*** Block opens ***

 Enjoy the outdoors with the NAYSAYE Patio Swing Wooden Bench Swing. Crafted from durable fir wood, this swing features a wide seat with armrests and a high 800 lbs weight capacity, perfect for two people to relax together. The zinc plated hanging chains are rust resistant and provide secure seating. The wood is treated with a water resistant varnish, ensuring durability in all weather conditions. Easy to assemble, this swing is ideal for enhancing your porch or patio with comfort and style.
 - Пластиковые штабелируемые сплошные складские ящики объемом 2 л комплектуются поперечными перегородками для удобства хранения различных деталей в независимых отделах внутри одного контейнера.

*** Block closes ***
*** Block opens ***

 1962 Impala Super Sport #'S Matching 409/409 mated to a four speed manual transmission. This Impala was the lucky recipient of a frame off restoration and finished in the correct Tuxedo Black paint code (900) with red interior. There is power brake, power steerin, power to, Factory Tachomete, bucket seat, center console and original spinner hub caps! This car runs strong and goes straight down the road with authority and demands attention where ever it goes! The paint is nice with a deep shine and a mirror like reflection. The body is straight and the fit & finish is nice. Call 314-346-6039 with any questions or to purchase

*** Block closes ***
*** Block opens ***

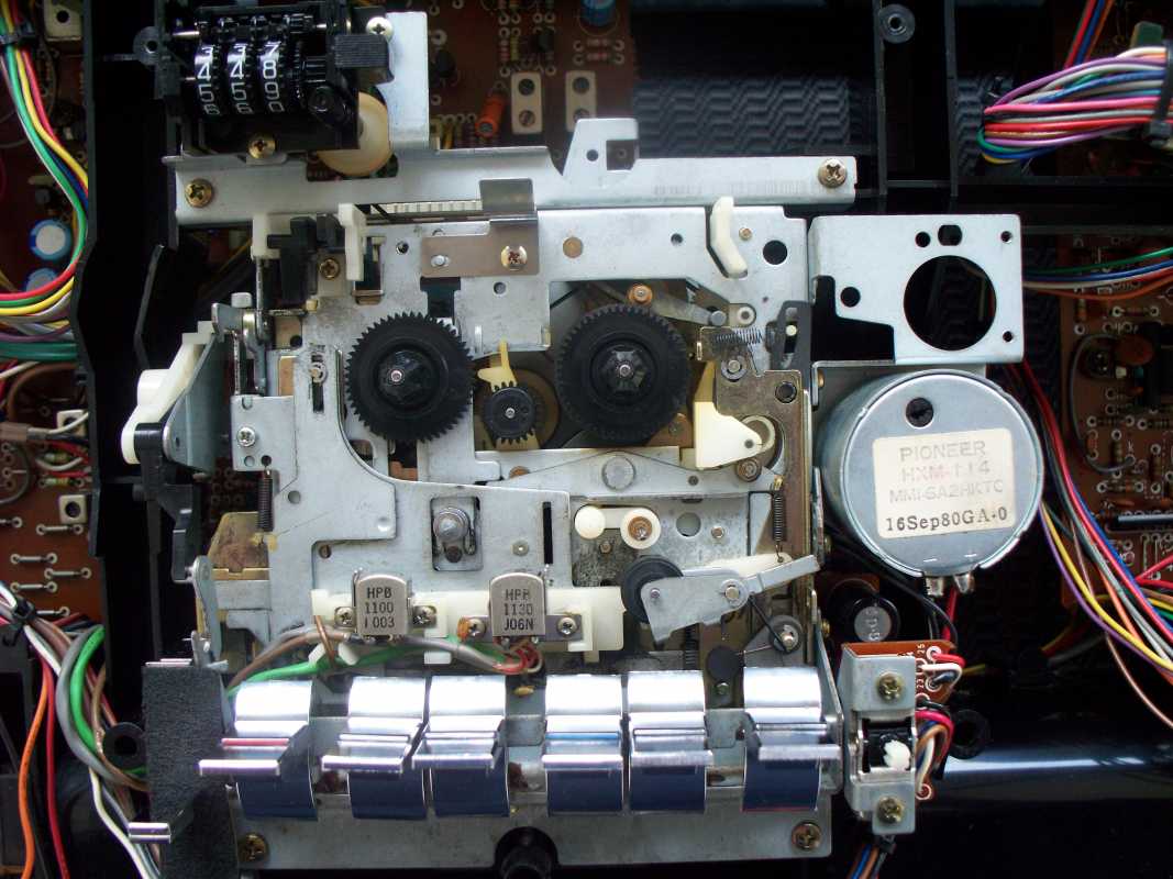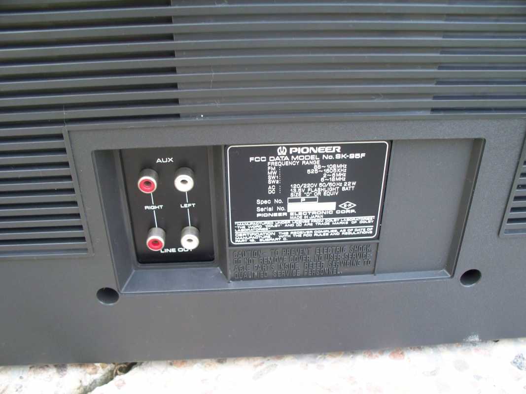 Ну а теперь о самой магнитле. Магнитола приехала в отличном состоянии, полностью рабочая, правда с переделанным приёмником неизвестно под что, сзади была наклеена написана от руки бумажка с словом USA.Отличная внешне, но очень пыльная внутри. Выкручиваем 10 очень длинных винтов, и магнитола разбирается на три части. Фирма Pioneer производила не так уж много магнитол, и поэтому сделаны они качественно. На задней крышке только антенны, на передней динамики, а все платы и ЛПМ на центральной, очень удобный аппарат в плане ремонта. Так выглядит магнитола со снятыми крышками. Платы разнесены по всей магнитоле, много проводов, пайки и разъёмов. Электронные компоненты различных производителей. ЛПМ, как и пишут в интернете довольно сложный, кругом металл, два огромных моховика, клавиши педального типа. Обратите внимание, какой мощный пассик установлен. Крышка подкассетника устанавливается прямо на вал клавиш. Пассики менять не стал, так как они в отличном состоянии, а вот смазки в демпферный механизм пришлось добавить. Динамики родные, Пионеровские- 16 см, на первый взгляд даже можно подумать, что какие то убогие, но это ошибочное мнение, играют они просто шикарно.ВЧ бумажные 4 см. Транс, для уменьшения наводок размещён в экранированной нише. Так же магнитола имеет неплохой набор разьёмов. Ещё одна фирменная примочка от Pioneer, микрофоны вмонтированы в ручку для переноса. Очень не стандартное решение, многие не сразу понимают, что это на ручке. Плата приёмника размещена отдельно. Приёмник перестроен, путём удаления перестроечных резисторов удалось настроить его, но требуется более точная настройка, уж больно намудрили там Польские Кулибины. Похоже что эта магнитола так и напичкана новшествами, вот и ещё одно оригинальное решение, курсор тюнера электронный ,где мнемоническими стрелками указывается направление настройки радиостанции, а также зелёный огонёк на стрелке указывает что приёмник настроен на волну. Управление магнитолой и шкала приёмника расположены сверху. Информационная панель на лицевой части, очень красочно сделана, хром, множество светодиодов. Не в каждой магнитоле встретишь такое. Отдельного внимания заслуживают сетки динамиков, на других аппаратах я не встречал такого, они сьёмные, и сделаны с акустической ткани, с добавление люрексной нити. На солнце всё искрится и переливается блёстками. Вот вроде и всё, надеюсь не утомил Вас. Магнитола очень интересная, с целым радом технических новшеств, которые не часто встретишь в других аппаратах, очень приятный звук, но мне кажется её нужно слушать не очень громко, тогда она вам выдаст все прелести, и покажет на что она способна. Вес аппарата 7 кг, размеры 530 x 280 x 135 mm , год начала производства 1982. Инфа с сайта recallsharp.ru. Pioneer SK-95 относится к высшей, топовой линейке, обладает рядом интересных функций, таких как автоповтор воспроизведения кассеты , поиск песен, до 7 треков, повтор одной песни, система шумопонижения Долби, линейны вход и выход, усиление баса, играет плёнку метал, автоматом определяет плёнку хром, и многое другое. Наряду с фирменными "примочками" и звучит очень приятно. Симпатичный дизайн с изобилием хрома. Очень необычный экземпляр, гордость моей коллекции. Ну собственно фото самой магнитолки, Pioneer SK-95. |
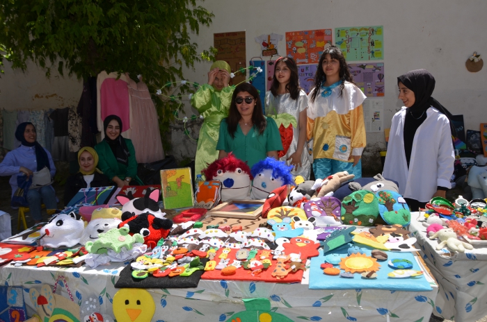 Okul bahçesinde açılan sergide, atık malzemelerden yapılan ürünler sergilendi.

*** Block closes ***

§ EXERCISE REQUIREMENTS:
Starting at the line that has "Enjoy the outdoors" and ending at the line that has "- Пластиковые штабелируемые", please write out the lines above exactly, leaving out all others.

§ RESULT OF THE EXERCISE:
 Enjoy the outdoors with the NAYSAYE Patio Swing Wooden Bench Swing. Crafted from durable fir wood, this swing features a wide seat with armrests and a high 800 lbs weight capacity, perfect for two people to relax together. The zinc plated hanging chains are rust resistant and provide secure seating. The wood is treated with a water resistant varnish, ensuring durability in all weather conditions. Easy to assemble, this swing is ideal for enhancing your porch or patio with comfort and style.
 - Пластиковые штабелируемые сплошные складские ящики объемом 2 л комплектуются поперечными перегородками для удобства хранения различных деталей в независимых отделах внутри одного контейнера.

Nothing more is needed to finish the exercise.